James is assigned to take a group of juvenile delinquents on a rafting expedition down a raging river, which is supposed to teach them teamwork and cooperation and stuff. But when we see a mysterious figure lurking about in the woods and members of the group start disappearing, it looks like we're in for a "Ten Little Indians"-style stalker/slasher flick. Especially after one of the teens, Nick (Guy Edmonds), regales the others with a campfire tale about an asylum for the dangerously insane that used to be located somewhere in the vicinity.
So, is that the deal--they're being stalked by some psycho who intends to pick them off one by one? Our uncertainty is increased when we discover that James has enlisted his former cronies, Wilson and Smart, to secretly tag along and help scare the kids straight, so to speak. But neither one of these guys resembles the shadowy figure we've seen sneaking around in the woods, so what the heck's going on?
Actually, I was hoping for a little slasher action to commence since the teenagers in this movie are such an insufferable bunch of smart-alecky punks. Sure, we get to know them a little better later on and maybe not hate them quite as much, but for awhile there I was just itching for a few of them to meet some creative deaths.
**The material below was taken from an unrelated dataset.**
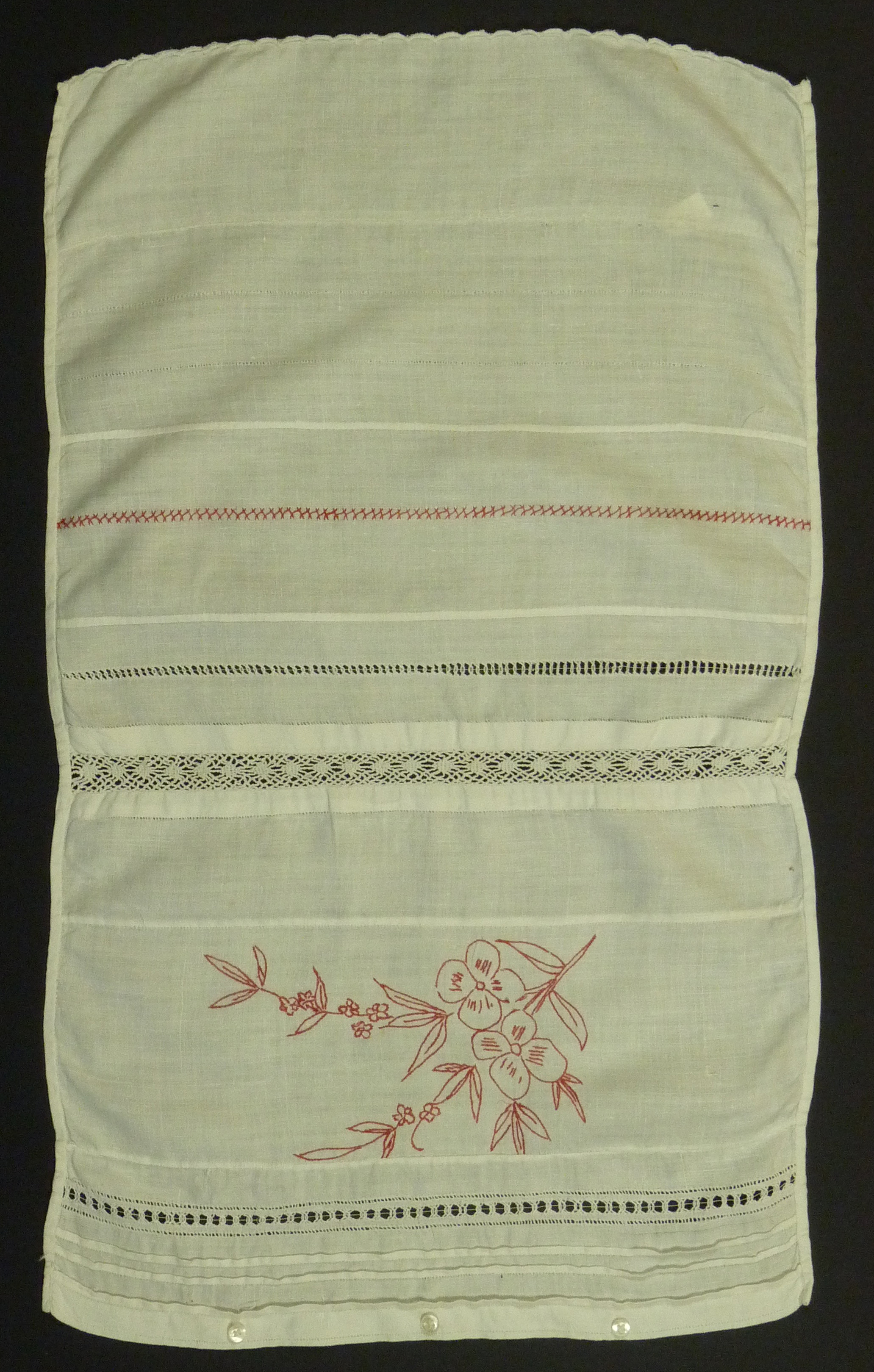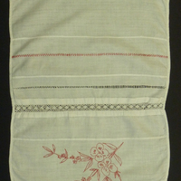 - Mustertuch mit verschiedenen Stichen aus rotem Garn. Das Tuch hat oben eine bogenförmige Kante mit Feston. Das Tuch zeigt verschiedene Nähte, verschiedene Hohlsäume, Kreuzstich und eine Blumenranke. An der unteren Kante sind drei Knöpfe angenäht.

But that was when I still thought this was going to be a slasher movie, which it isn't.
In fact, I really can't even tell you what kind of movie this eventually turns out to be, since that would necessitate giving away too much about the climactic events. I can say that it keeps you guessing for most of its running time, and there's a fair amount of suspense as we see the kids trying to make their way down the churning rapids ("rapid" fear--get it?) or running away from the person or persons who are revealed to be behind it all.
But when we do discover what's really going on, it's a pretty big letdown. It's one of those situations where you just know the filmmakers aren't going to do a certain thing because that would be way too obvious, and they go ahead and do it anyway.
The acting, for the most part, is broad but not that bad. Peter Kent does a good job of making Storer a likable character, and the younger actors succeed in making their characters unlikable. As Wilson and Smart, Gary Atkinson and Rico Rameko Lescot look the part but aren't very convincing.
The best performance comes from Steven Grives as Tremaine, the hardboiled cop who originally captured Storer and is determined to make him reveal where he stashed the bank loot ten years earlier. I'd like to have seen more of him in this movie--aside from a few good scenes, his character is pretty much wasted, just as all that bank robbery and prison stuff that piqued our interest in the opening scenes turns out to be merely a set-up for the less intriguing situations that follow.
There's a surprise ending that's supposed to leave us with a smile but doesn't make a whole lot of sense. On the whole, RAPID FEAR doesn't make a whole lot of sense, either--it's a fairly entertaining time-waster, but ultimately disappointing because it seems to have the potential of being so much more.